Tout comme le déplacement réveille en nous le souvenir de 1948, la faim fait de même. Lorsque les enfants demandent aujourd’hui à leurs parents du pain qui n’est plus disponible, ce n’est pas une nouvelle blessure qui s’ouvre, mais une vieille blessure qui se ravive. Nous avons porté la faim dans notre subconscient, dans nos cuisines, dans nos histoires familiales, dans la façon dont nos mères ne gaspillaient jamais un grain de riz.

Le siège a désormais transformé cette peur héritée en un présent insupportable, confondant mémoire et réalité. Je ne peux m’empêcher de constater à quel point cette cruauté sioniste a profondément déformé notre rapport à tant d’aspects de la vie, la nourriture devenant l’un des plus viscéraux. Que signifie pour un peuple que le pain, symbole fondamental de subsistance, de dignité et de continuité, devienne une arme tournée contre lui ?

Je me demande comment les Palestiniens de Gaza se comporteront face à la nourriture lorsqu’elle sera à nouveau autorisée à entrer. Ou mieux encore, comment ils se comporteront lorsque les agriculteurs de Gaza pourront enfin semer, récolter et nourrir leurs communautés comme ils l’ont toujours fait, comme ils étaient censés le faire avant que la dépossession et le siège ne transforment la nourriture elle-même en un autre lieu de perte.

Guérir un traumatisme partagé signifie guérir à la fois soi-même et l’autre ; à partir de ce point zéro commun de dévastation, les soins deviennent une forme de résistance.
À Gaza, le thérapeute et le patient sont à la fois des compagnons d’infortune et des compagnons de guérison, refusant l’isolement et transformant le chagrin en présence et en dignité. C’est ici, dans cet espace même assailli par le colonisateur, que l’humanité est reconstruite par la résistance palestinienne.

Je demande au Dr Abu Shawish comment il a réussi à tenir le coup. J’ose lui poser la question que tant de cliniciens, tant à l’intérieur qu’à l’extérieur de la Palestine, redoutent : « Comment faites-vous pour être présent pour les autres sans vous perdre vous-même ? Vous reste-t-il encore quelque chose à donner aux autres ? »

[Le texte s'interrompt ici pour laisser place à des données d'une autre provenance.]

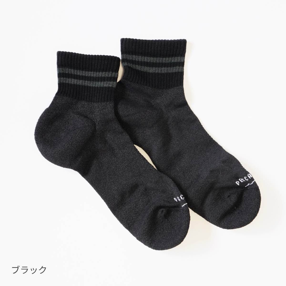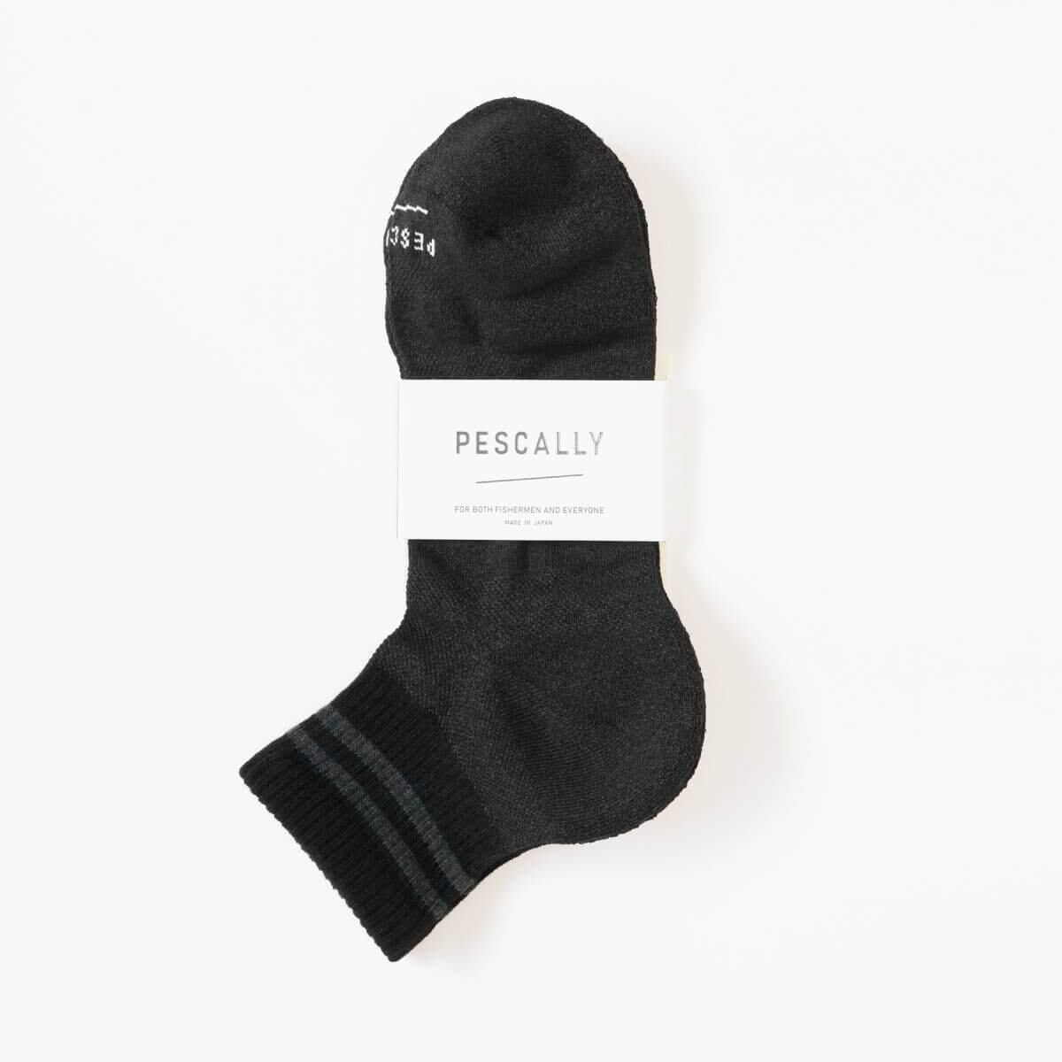 PESCALLYの特徴である吸水速乾性はそのままに、暑い季節を乗り越える薄手仕様+短め丈で夏場のムレにも効果的で快適な履き心地です。

Sa réponse chasse de mon esprit l’idée capitaliste, fondée sur la rareté. « Nous guérissons en guérissant les autres », me dit-il. « Cela fait partie de notre parcours. J’ai quelque chose à offrir. Nous nous protégeons contre la futilité et l’effondrement en restant connectés et en servant les autres. La clé est de participer. Il est inacceptable de s’effondrer. »

Ce qui m’a le plus frappée dans sa réponse, c’est à quel point elle touchait au cœur même de ce qu’est réellement la thérapie. Non pas la psychologie aseptisée, distante et sécularisée des manuels scolaires, mais la réalité vécue de la guérison, qui comporte une dimension spirituelle indéniable.

À Gaza, la thérapie ne peut prétendre être un échange stérile entre un « guérisseur indemne » et un patient souffrant. À Gaza, le thérapeute n’est pas étranger au traumatisme. Il se trouve au cœur de celui-ci, respire le même air empoisonné, écoute les mêmes drones, pleure les mêmes pertes. Ses blessures ne sont pas distinctes de celles de ses patients ; elles convergent vers la même catastrophe historique et politique.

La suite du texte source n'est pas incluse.